# Effective USA RV security system?



## 96475 (Oct 9, 2005)

Man killed in RV at Utah Wal-Mart
A man was killed last week after he forced his way into a motorhome parked overnight at a Cedar Cedar City, Utah, Wal-Mart. Steven Stubbs, 26, may have been intoxicated, police say, when he forced his way into the RV at about 10 p.m. The RV was occupied by a family of four from Florida. "The tourists inside were in fear for their life," Sgt. Jerry Womack told the Deseret Morning News. "There was a scuffle inside the motor home and the man shot (the intruder) in the head with a shotgun." The family had been traveling through the area and stopped for the night. The Cedar City Police Department said it was investigating if the use of deadly force is justified.
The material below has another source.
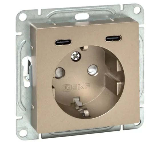 Механизм розетки EKF с USB-C - 2шт, 16А, с заземлением, со шторками, шампань, Эпика UP1-SOC-111-2USBC

The Iron County Attorney is expected to make a final determination. 

Chris


----------



## Scotjimland (May 23, 2005)

Hi Chris.. 
Scary stuff, but the yanks have a different philosophy to us, if that happened here we would go to jail.. no ifs ands or buts.. 
Was it justified ? IMO yes, he got what he deserved but I feel sorry for the family.. what an ordeal.. 
Recently I was reading a USRV forum and the topic of discussion was about the best weapon for self defence .. one guy argued that his 357magnum was the ultimate deterent, another guy swore blind by his pump action shotgun.. the argument was, not what would kill quicker but what would do the least damage to the RV if you missed .. 8O nuff said 
Another guy kept three x 38 specials.. one by the driving seat, another in the toilet and the third by his bedside.. paranoid or what ! 

Just a sec, I'm off to buy another two baseball bats .. 8)


----------